Instructions for the task ▸
When you return the data, keep every word exact and include none of the images.
• • • • •
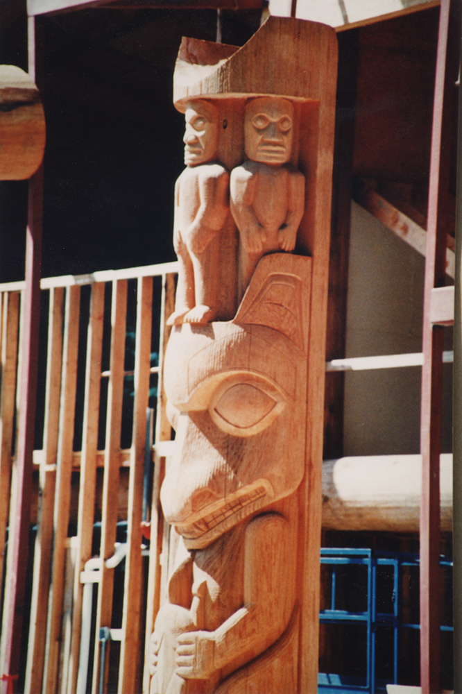 Three humna figures at the top of the housepost represent the students who will come here to learn. Standing tall, one faces left, one faces forward, one faces right. The stylized wolf figure below has a human quality in that it is standing upright holding a young pup in its hands. The hands have the look of claws on extended human fingers. The feet look like human feet. The head looks like a stylized ceremonial mask. The pup is more realistic looking. Its head, ears, face, snout, body shape, paws, and tail are naturalistic (p. 44, The First Nations Longhouse)
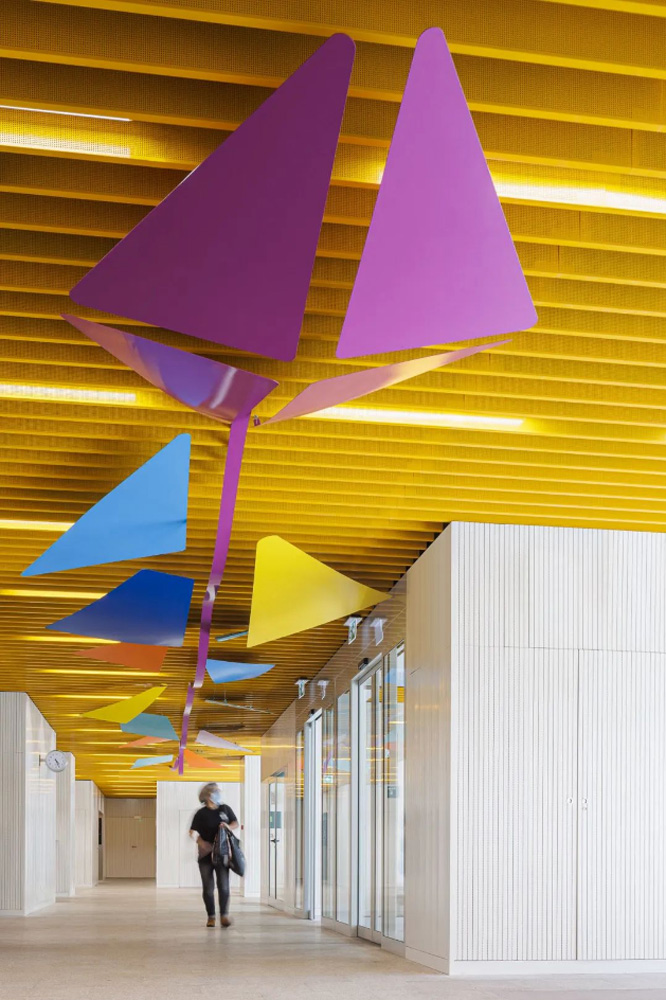 考虑到病区面对的群体是儿童,设计师为空间确定了多彩的基调,进而明确了插画的主角元素——风筝。风筝从画中“飞出”,化身一个巨大的彩色装置,装点着病区入口的走廊天花,简单的形状组合在亮黄色天花的映衬下变得生动起来。
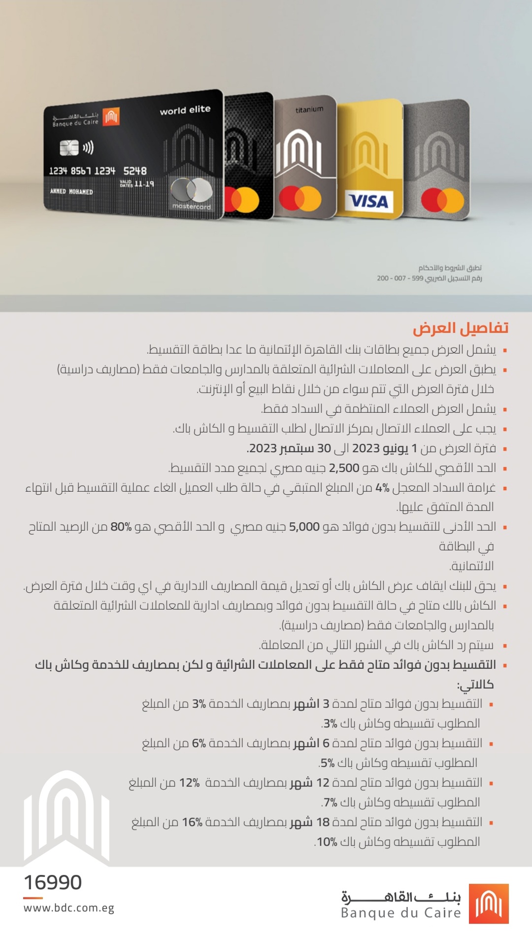 بمناسبة عيد الأضحى..بنك القاهرة يتيح تقسيط كافة المشتريات حتى 18% شهرا بدون فوائد
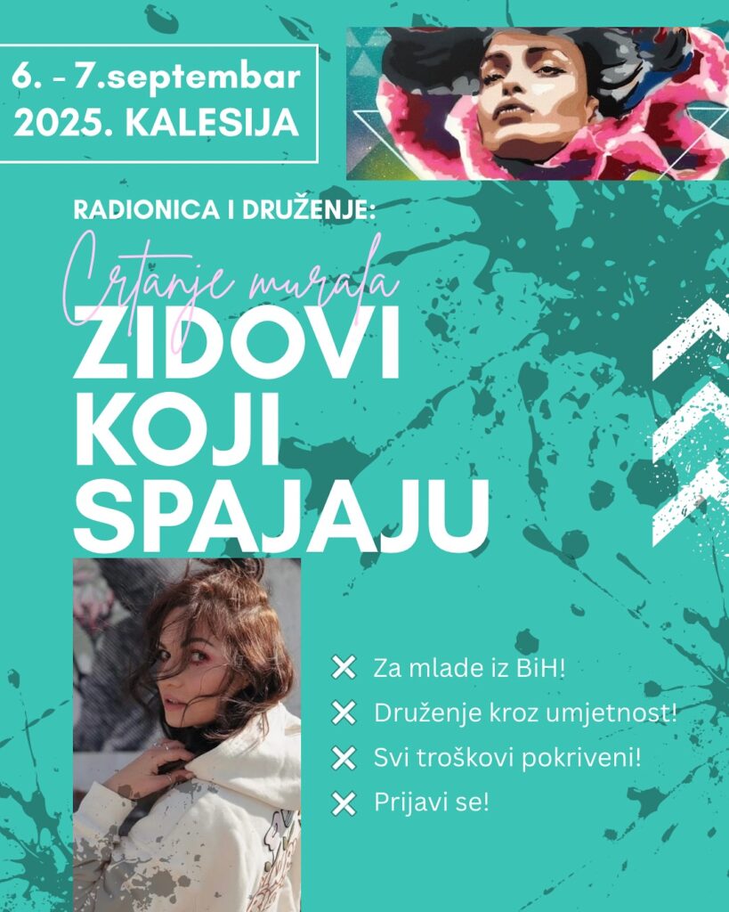 Omladinski resursni centar Tuzla (ORC Tuzla) poziva mlade iz cijele Bosne i Hercegovine da se prijave na dvodnevnu aktivnost crtanja murala u Kalesiji, koja će se održati 6. i 7. septembra 2025. godine.
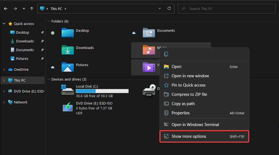 - Выберите один или несколько файлов/папок, щёлкните правой кнопкой и выберите «Show more options».
• • • • •
Solution to the problem ▸
 Three humna figures at the top of the housepost represent the students who will come here to learn. Standing tall, one faces left, one faces forward, one faces right. The stylized wolf figure below has a human quality in that it is standing upright holding a young pup in its hands. The hands have the look of claws on extended human fingers. The feet look like human feet. The head looks like a stylized ceremonial mask. The pup is more realistic looking. Its head, ears, face, snout, body shape, paws, and tail are naturalistic (p. 44, The First Nations Longhouse)
 考虑到病区面对的群体是儿童,设计师为空间确定了多彩的基调,进而明确了插画的主角元素——风筝。风筝从画中“飞出”,化身一个巨大的彩色装置,装点着病区入口的走廊天花,简单的形状组合在亮黄色天花的映衬下变得生动起来。
 بمناسبة عيد الأضحى..بنك القاهرة يتيح تقسيط كافة المشتريات حتى 18% شهرا بدون فوائد
 Omladinski resursni centar Tuzla (ORC Tuzla) poziva mlade iz cijele Bosne i Hercegovine da se prijave na dvodnevnu aktivnost crtanja murala u Kalesiji, koja će se održati 6. i 7. septembra 2025. godine.
 - Выберите один или несколько файлов/папок, щёлкните правой кнопкой и выберите «Show more options».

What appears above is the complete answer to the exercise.